If This Then That = IFTTT

This is a very cool service I found when looking at news on Internet of Things (IoT): IFTTT (short for “If This Then That”) is a service that enables users to connect different web applications (e.g., Facebook, Evernote, Weather, Dropbox, etc.) together through simple conditional statements known as “Recipes”. If This Then That (IFTTT) is a free network service and related application that allows you to create rules, recipes calls, with which you can connect applications and automate processes to make your life easier. In addition to its default web-based application, IFTTT released app versions of the service for iPone and Android. With  IFTTT you are easily syndicating services.

Simply put the idea of service is: if action x happens, then do y. After creating an account, you can activate channels which represent your presence different platforms like Facebook, Instagram, Gmail, Twitter, and text messaging (e-mail, SMS). There are also channels for weather, news, and RSS feeds. Setting up this logic is just a series of clicks on the IFTTT web site.

There are many connected home related channels. For example Belkin WeMo remote controllable mains power outlets can inter­act with web-based social media and apps through a great ser­vice called IFTTT. And so are Philips Hue LED lamps. It can talk with Nest IoT devices. And many other things (over 100 other products and services). These Guys Want to Hack Your Home. And You Should Let Them. Their service sounds like an OCD geek’s dream. This sounds like a very great tool for quick hacks. Simple Ways to Create Face-Melting Digital Experiments article tells that what took two weeks to build with Arduino, took two hours with a Wemo and IFTTT.
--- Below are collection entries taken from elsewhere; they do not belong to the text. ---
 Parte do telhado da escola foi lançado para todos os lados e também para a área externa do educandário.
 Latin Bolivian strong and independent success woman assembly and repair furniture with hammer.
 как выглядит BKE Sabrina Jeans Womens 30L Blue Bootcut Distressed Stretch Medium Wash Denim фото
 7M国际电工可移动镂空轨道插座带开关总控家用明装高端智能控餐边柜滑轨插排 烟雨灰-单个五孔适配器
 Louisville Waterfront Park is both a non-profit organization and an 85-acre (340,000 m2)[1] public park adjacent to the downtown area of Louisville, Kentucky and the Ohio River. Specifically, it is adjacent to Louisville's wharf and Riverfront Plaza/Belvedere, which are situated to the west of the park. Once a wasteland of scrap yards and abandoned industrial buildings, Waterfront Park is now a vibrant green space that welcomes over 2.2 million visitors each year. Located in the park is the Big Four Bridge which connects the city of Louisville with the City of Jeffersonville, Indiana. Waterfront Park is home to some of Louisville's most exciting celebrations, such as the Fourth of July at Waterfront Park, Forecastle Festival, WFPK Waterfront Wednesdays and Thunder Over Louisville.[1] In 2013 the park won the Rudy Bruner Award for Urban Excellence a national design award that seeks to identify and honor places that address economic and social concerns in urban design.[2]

Platforms for Connected Homes article mentions that you could for example use IFTTT’s weather channel to turn on my lights within 15 minutes of sunset.

You can even control thing based on your location when have app in you smart phone. Maybe you want to turn on heating or air conditioning to “at home” settings when you are approaching your home so that house is comfortable when you enter it? Ask HN: What’s the most creative use of IFTTT you’ve seen? and The 101 Best IFTTT Recipes pages lists many other ideas to experiment with.

I have registered IFTTT account and started some testing with it. It looks promising, but I am only starting my experimenting. I have already tried few simple recipes to get e-mail and SMS when I want them.

IFTTT looks like a great service that you can interface with many ready available cloud services or commercial hardware. The next idea is how to connect your own device (Arduino, Raspeberry Pi, etc..) to this service easily. IFTTT has e-mail, SMS and Twitter interfaces that could be useful in this…


  1. Tomi Engdahl says:

    I tested some location based triggers with helpf of IFTTT Android app, and they seemed to work OK.

  2. Tomi Engdahl says:

    Yo now lets you send links, “Yo” hashtags and set up IFTTT-style alerts with other services

    Yo, a simple messaging app that sends nothing but the word “Yo,” just got a little more complicated.

    Growing tired of a simple “Yo?” The updated app now lets you attach any link saved to your clipboard; simply long-press the username in your home feed to attach and send the URL. A simple upgrade, but one that gives you the ability to explain why you’re messaging (or just virtually prodding) someone.

    There’s also the Yo Index, which transforms the app into a more advanced notification system. By plugging into third-party websites and services, the app can send you a “Yo” when a user you follow on Instagram posts a new photo, or when a post on Hacker News breezes past 500 up-votes. It’s similar to If This Then That (IFTTT), although the resulting action is obviously just a “Yo.”

  3. Tomi Engdahl says:

    Intuit Acquires ItDuzzit, An IFTTT-Style Service For Businesses To Connect Cloud Apps

    More acquisitions for Intuit as it continues to build out its cloud services platform for small and medium businesses. It has bought itDuzzit — a Chicago-based startup that provides tools for businesses to integrate different web and mobile apps with each other: think IFTTT for enterprises.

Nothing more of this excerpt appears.